それで、先日体験した「茶事」の床の間に、網代組デザインの切り子硝子の花瓶に、生け花の姿を想像してみたが、そういえば、夜噺しの茶事では、生け花を飾らないらしい。それに「初座」と「後座」と2回に別けて茶事を楽しむこともその時初めて知ったのだけれど、初座では「日々是好日」という掛け軸だったが、後座では、掛け軸に替わって、箒を掛けてあって、それを「掃込」と言っていたとおもうが、床の間にそういうのを掛けるコトが、ま、大工棟梁の亭主としての「見立て」と洒落でもあるのだろう・・・。写真を取り忘れたのだけれど、なにより、茶事の席で正客が、それなりに恐縮しながらも、スマホで撮影をする事を許されていたのが、学びを兼ねた今回の茶事の大らかさだったのかもしれない。
それより2帖の和室に5人が正座しながら食した「茶懐石料理」の作法に対して、全く無知なワタシがいて、亭主が黒い足のないお膳を持ってこられて、「折敷」と云うらしいが、正客が、まず両手で受け取る事から教えてもらうわけで、ほんまもんの「一汁三菜」を食べる作法もあるらしく、左手で飯椀を、右手で汁椀を同時に取って、汁の蓋を飯の蓋にかぶせて、折敷の右側に一直線に置くという事から学んで、向こう付けを頂点とした正三角形に置かれた左のご飯から食べて、汁を飲んで、と、その食べ方までは、その場ではいちいち教わらなかったが、ネットで見ると汁を先に飲んでと書かれたものもあって、相変わらす、作法というのはムツカシイ。

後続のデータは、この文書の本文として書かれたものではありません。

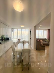 Просторная, светлая, теплая двухкомнатная квартира, перепланированная в студию евро-трешку, находится на пятом этаже, южная сторона с видом во двор и на море, 12-ти этажного каркасно-монолитного двух-подъездного жилого дома клубного типа, 2012 года постройки с закрытой охраняемой благоустроенной территорией, по адресу: г. Евпатория, ул. Интернациональная, 130. Дом расположен в современном деловом центре города Евпатория. (Район ''Универсам''). В шаговой доступности: рынок, торговый центр, ТЦ ''ПУД'', ТЦ ''О'Фреш'', ТЦ ''Эльдорадо'', школа 16, строится детсад, парк ''Красная горка'', озеро Мойнаки. В ухоженном озелененном подъезде два лифта, на входе установлен домофон с управлением через мобильный телефон. На каждом этаже балкон общего пользования. Общая площадь квартиры: согласно выписки ЕГРН: 90,90 кв.м., по техпаспорту: 94,90 кв.м.. В квартире свободной планировки (после строителей) никто не жил, в 2021 году впервые начаты и в 2022 году завершены работы по отделке и оборудованию квартиры современными качественными отделочными материалами, выполнена перепланировка, в результате чего фактическая площадь квартиры составила: 103 кв.м, в том числе: прихожая 15,7 кв.м, гостиная кухня 45,37 кв.м, мастер-спальня 14,68 кв.м, гостевая спальня-кабинет 14,33 кв.м, ванная комната 7,7 кв.м, туалет 3,35 кв.м, техническое помещение (котельная) 1,93 кв.м. Высота потолков 3,7 м. Наружное витражное остекление (''французский балкон''), выполнено пяти-камерным металлопластиковым профилем, двухкамерным стеклопакетом с мультифункциональным напылением на наружном стекле, в гостиной-кухне (6,2 м х 2,56 м) и в мастер-спальне (1,77 м х 2,25 м), что обеспечивает великолепный вид из гостиной и спальни и прекрасную инсоляцию всей квартиры, надежную теплоизоляцию. Квартира полностью по всему периметру утеплена и звукоизолирована, что обеспечивает комфортное проживание с минимизированными счетами за потребленную электроэнергию, в квартире установлено новое, современное и экономичное оборудование: трехфазное электроснабжение высокой степени надежности и защиты (основной трех-фазный электро-щит на 31 автомата и электро-щит в технической комнате на 2 автомата), современное светодиодное освещение всех помещений, в котельной установлены: трех-фазный электрический водогрейный котел Proterm 12 RT/ 14 RU, UA (Словакия), водонагреватель (бойлер) косвенного нагрева Gorenje 120 л, Словения, система водоподготовки и водоочистки. Отопление квартиры построено на основе системы водяного теплого пола: в прихожей, гостиной-кухне, санузлах, а также на биметаллических радиаторах отопления в мастер-спальне и гостевой спальне (кабинете). Кондиционирование воздуха (обогрев и охлаждение) на основе оборудования TOSOT: 2 сплит системы по 07 в спальнях и кондиционер на 18 в гостиной-кухне, принудительная вентиляция в санузлах и кухне. Гостиная-кухня оборудована индивидуально изготовленной встроенной модульной кухней Rehau, (31 шкафа, оборудованных подъемными механизмами Blum и выдвижными механизма

ご飯が、「ねちゃっ」とした味で、先ほど調べると、たきたての、まだむれていないご飯を一口盛って、お客様のお越しを待ちかねていた心を表すらしい。この後、私はすぐに、向こう付けをひとくち食べたのだけれど、本来なら、お酒を飲んでから手をつけるのだとか。お恥ずかしい。それより、「酒3献」というらしいが、お酒が出てくるのが、なんとも不思議な感覚で、ご飯もでて、それを食べて、お汁を飲んだ合図で、お酒が出てくるのが作法らしく、ご飯とお酒を一緒に飲み食いする茶懐石料理の作法があって、あの慰安旅行などでの宴会料理の、最後にご飯が、というのは、後に生まれたのだと、あ、そらそうね、なるほど、と知るのだった・・・。

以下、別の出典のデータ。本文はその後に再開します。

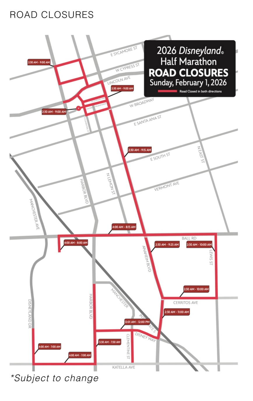 The Anaheim ICE area will experience increased traffic and street closures on Sunday, February 1, 2026 due to Disneyland's Half Marathon. Please review the Marathon course below (in red) and plan your route on the day accordingly.

亭主が、銚子を右手に持って、左手に杯を重ねた台をもって、私の前に座って、お酒をついでくれて、もちろん、宴会でよくやっている作法の源流がここにある事を体験するわけで、順番にお酒をつぎに廻ったあと、お銚子を私の前に置いて、茶道口に去り、今度はおひつを持ってきて私の前に座って、「御飯よそいましょうか」といわれたら、「どうぞおかまいなく」と応えて、次々に送っていくのが作法らしい。私の汁椀を持って帰り、隣のタナカくんにも同じ事をし、次に来た時は、私の汁椀を持ってきて、ワタシの横の横のオオムラくんの汁椀をとりにきて、タナカくんの椀を渡し…を順次繰り返して、最後までいって、それから、おひつを持って帰ったのだと思うが、あれぇ、これで合ってたかな、どうも記憶が曖昧になってきた・・・。

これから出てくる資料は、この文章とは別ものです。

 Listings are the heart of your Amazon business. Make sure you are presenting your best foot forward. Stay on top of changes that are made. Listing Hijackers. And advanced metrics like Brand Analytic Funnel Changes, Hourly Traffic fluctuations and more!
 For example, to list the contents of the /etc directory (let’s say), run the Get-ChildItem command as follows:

とにかく、煮物の椀盛りがでて、その作法があって、2回目のお酒がでて、亭主についでもらって、そういえば、4客目のササオさんはお酒をお断りして、それも作法としてOKらしく、それから焼き物がでて、焼き物の取り方の作法があり、お盆にのった皿のひとつを自分で拭いて、そこに取って、次々に回していくのが作法らしく、とってもエコな作法で、微妙にカルチャーショックだった。それから2回目の御飯がでて、お汁のお代わりも勧められて、お汁のお代わりは、断るのが礼儀だと教わるのだが、あっ、めんどくさっ!と心の中で呟いてる「私」もいて、でも、ま、それなりに、そんなのも理解できる歳でもあるのだが、とにかく、その後、預け鉢というらしいが、それがでて、これで、終わるとおもいきや、暫くして、箸洗いの吸い物がでて、お盆が下げられて、酒の肴とお銚子を持った亭主がどことなく嬉しそうに茶道口から現れるのだった・・・。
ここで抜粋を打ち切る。